- **Problem to work on**: What you write must match the records exactly, except for the images, which are left out.

── Data supplied

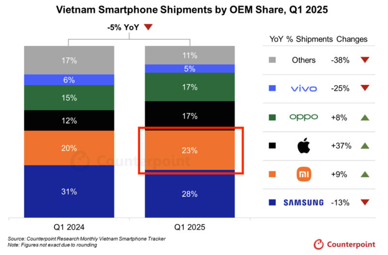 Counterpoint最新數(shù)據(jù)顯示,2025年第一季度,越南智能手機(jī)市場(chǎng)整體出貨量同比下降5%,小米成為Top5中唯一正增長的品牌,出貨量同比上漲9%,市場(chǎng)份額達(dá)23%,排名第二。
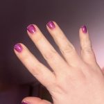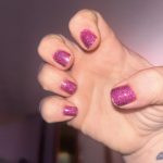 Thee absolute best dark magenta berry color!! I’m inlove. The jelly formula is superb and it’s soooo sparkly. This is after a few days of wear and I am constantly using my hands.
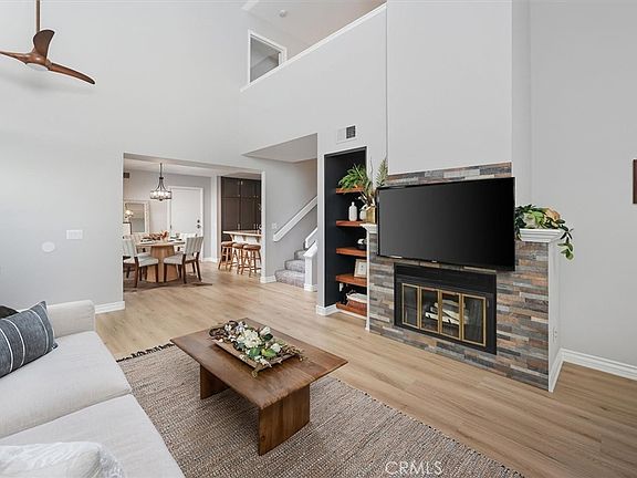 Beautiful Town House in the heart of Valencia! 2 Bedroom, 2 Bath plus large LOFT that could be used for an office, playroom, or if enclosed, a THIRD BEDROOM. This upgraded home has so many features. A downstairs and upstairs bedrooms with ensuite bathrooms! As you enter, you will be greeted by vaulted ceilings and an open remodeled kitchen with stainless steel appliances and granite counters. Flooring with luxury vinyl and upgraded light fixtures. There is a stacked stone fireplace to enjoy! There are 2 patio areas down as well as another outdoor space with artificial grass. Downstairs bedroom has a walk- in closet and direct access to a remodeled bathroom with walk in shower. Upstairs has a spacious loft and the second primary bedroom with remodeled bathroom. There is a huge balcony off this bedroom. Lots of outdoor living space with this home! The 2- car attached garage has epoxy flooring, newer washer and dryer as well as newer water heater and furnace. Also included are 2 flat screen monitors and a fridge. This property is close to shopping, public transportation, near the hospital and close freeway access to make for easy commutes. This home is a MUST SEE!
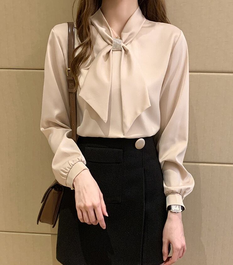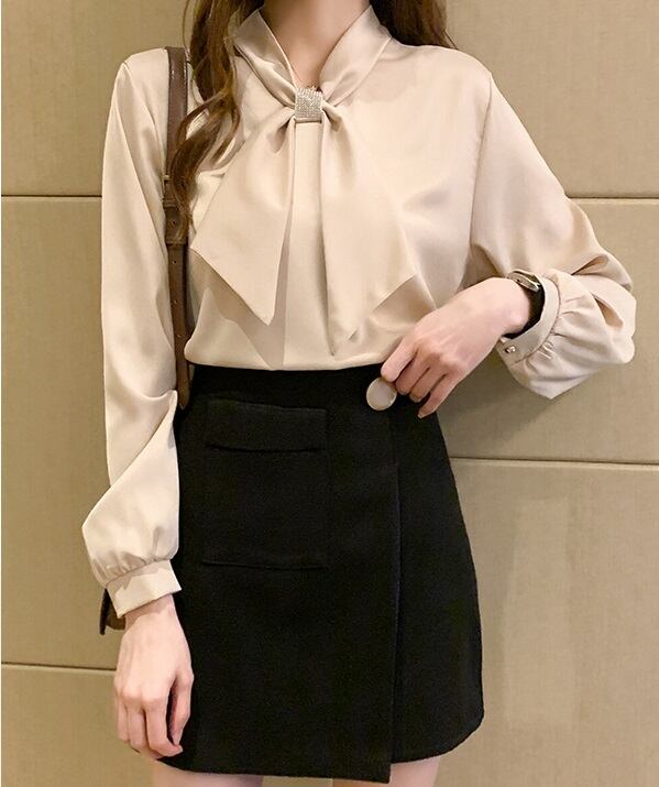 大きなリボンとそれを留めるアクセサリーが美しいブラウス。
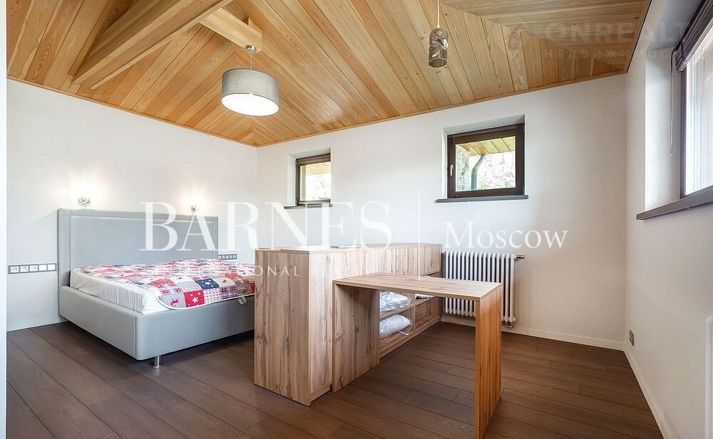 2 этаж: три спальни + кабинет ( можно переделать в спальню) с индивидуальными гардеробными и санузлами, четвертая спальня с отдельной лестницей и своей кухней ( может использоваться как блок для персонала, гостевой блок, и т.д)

────

- **Result of the task**:
 Counterpoint最新數(shù)據(jù)顯示,2025年第一季度,越南智能手機(jī)市場(chǎng)整體出貨量同比下降5%,小米成為Top5中唯一正增長的品牌,出貨量同比上漲9%,市場(chǎng)份額達(dá)23%,排名第二。
 Thee absolute best dark magenta berry color!! I’m inlove. The jelly formula is superb and it’s soooo sparkly. This is after a few days of wear and I am constantly using my hands.
 Beautiful Town House in the heart of Valencia! 2 Bedroom, 2 Bath plus large LOFT that could be used for an office, playroom, or if enclosed, a THIRD BEDROOM. This upgraded home has so many features. A downstairs and upstairs bedrooms with ensuite bathrooms! As you enter, you will be greeted by vaulted ceilings and an open remodeled kitchen with stainless steel appliances and granite counters. Flooring with luxury vinyl and upgraded light fixtures. There is a stacked stone fireplace to enjoy! There are 2 patio areas down as well as another outdoor space with artificial grass. Downstairs bedroom has a walk- in closet and direct access to a remodeled bathroom with walk in shower. Upstairs has a spacious loft and the second primary bedroom with remodeled bathroom. There is a huge balcony off this bedroom. Lots of outdoor living space with this home! The 2- car attached garage has epoxy flooring, newer washer and dryer as well as newer water heater and furnace. Also included are 2 flat screen monitors and a fridge. This property is close to shopping, public transportation, near the hospital and close freeway access to make for easy commutes. This home is a MUST SEE!
 大きなリボンとそれを留めるアクセサリーが美しいブラウス。
 2 этаж: три спальни + кабинет ( можно переделать в спальню) с индивидуальными гардеробными и санузлами, четвертая спальня с отдельной лестницей и своей кухней ( может использоваться как блок для персонала, гостевой блок, и т.д)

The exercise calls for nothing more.